Question : What is CepA?

Answer : CepA is a chromosomal class A Beta-lactamase produced by the Enterobacteria Bacteroides fragilis with a wide-ranging substrate hydrolysis profile. CepA shows efficient hydrolysis of cephalosporins. It is inhibited by Clavulanic acid and tazobactam but not by aztreonam. But a-methoxyl cephamycins such as cefoxitin and the carbapenems have been highly active against Bacteroides species.

Question : How many natural variants of CepA are reported?

Answer : A total of 23 sequences were reported and two species of Bacteroides were included, 22 sequences isolated from Bacteroides fragilis and one isolated from Bacteroides cellulosilyticus.

Question : Why have we renamed the variants and how is it done?

Answer : To prepare a scientific basis for a new nomenclature system that can define all sub-classes of β-lactamases, since the present nomenclature system is simply based on the order in which they were found. The Renaming was done following a new nomenclature system in which CepA_AAA21532.1_Beta-lactamase was designated as cepA wild type and the rest of the variants from both the species previously mentioned were assigned a primary ID. Such a nomenclature ensured no overlapping among the variants when being addressed. The nomenclature syntax is: cepA_[Primary ID]_[accession_no.]|hlab. Note: The accession number is given as collected from each database.

Question : Where are the important loops and motifs of CepA located?

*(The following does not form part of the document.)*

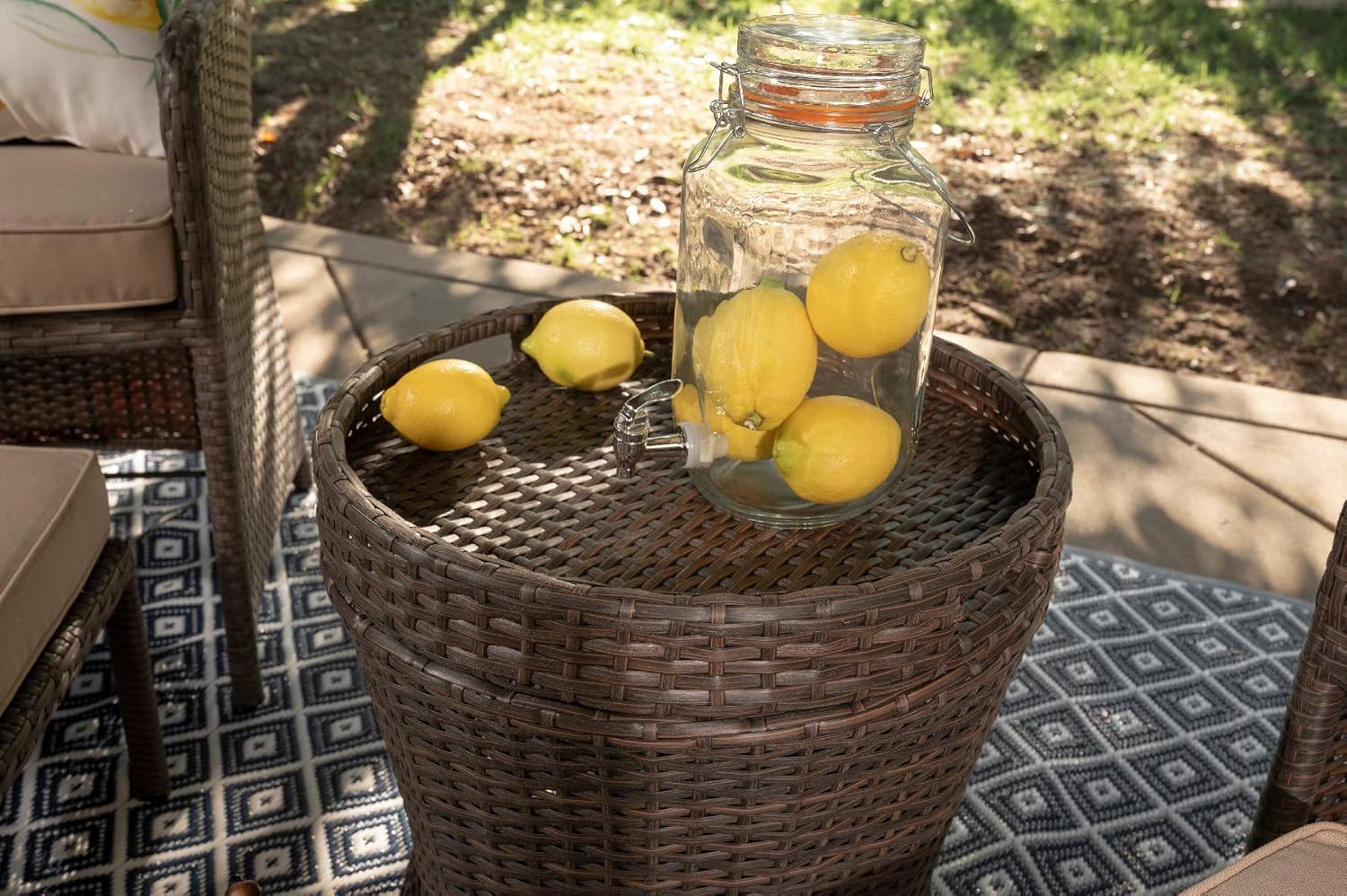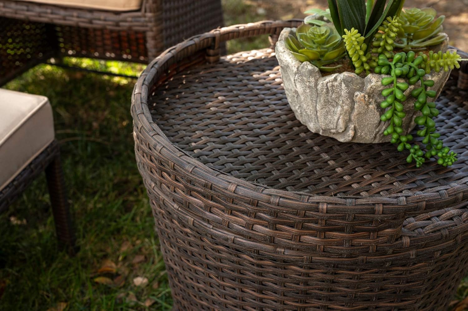 Barton 5 Piece Bistro Sofa Set w/Cushions 2 Chairs 2 Ottomans Multipurpose Outdoor Patio Wicker Rattan Furniture Space Saving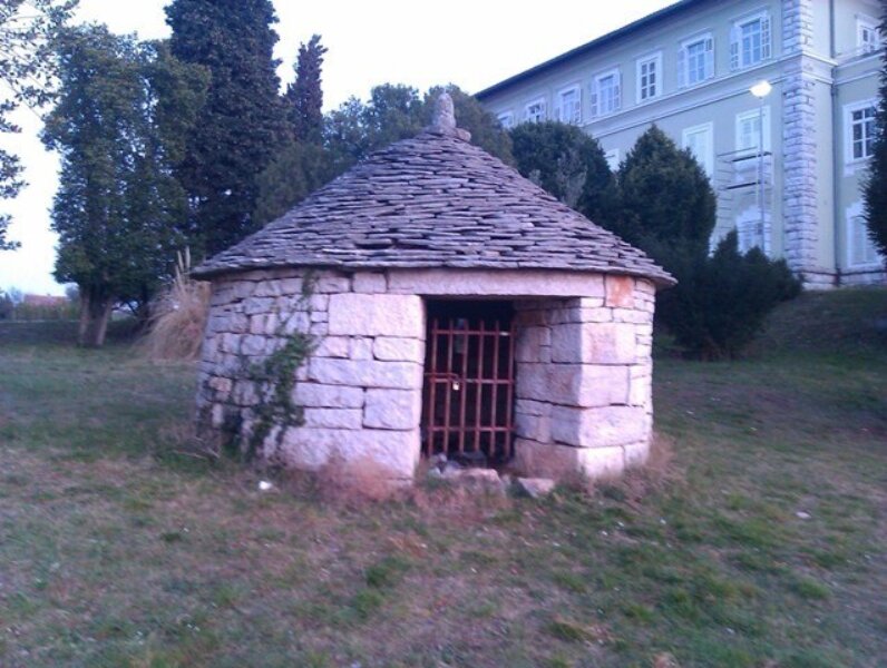 pokazala nam je vrata nekadašnjeg prvog vinskog podruma u Poreču, smještenog u prizemlju. Ulaskom u zgradu primijetili smo da je vrlo stara zbog starih kamenih zidova. Vidjeli smo i ostatak crkvenog poda, odn. mozaika starog oko 1500 godina. Vodičkinja nas je uvela u najljepšu dvoranu u Poreču, poznatu po prelijepom oslikanom stropu. Izložbena dvorana je organizirana u više odvojenih odjeljaka.

Answer : SVFK(70-73), SDN(130-132), KTG(234-236). The omega loop, although present in CepA has a different set of amino acid residues as compared to other prevalently studied Class A Beta-lactamases such as TEM, SHV, and CTX-M and is similar to PER-1. A single variable residue is observed among the common conserved regions at position 171. It is part of the omega loop, 14 of the 23 residues have a glutamate residue instead of lysine.

Question : How did we model the structures?

Answer : There is no crystal structure available on the CEPA enzyme obtained from Bacteroides fragilis. The structures were modeled based on homology modeling, the template chosen for all the variants was an apo crystal structure of Bacteroides cellulosilyticus, which showed the highest similarity percentage in all the cases.

Question : What is the significance of variant analysis of CepA?

Answer : CEPA shows a mutable frequency of 7.35% (20 out of 272 residues show a substitution mutation). A Mutational landscape was prepared with a target to identify mutational hotspots. The sequence of all 22 variants of CepA was compared against the Wild-type CepA_WT. The format followed a list of variants having the mutation and substitution mutation it underwent at a particular position.

Question : How did we choose the simulation candidates?

Answer : We have chosen primarily the candidates based on the following categories: The variants having the high number of mutations if any variants have mutations within or in the neighboring regions of the catalytic sites, and if any novel mutation was observed. Following these criteria, CepA simulation candidates included CepA_04, CepA_09, CepA_14, and CepA_12. Among a few unique substitution mutations observed in CepA sequence analysis, variant CepA_20 with a substitution mutation of H153N was also considered a simulation candidate.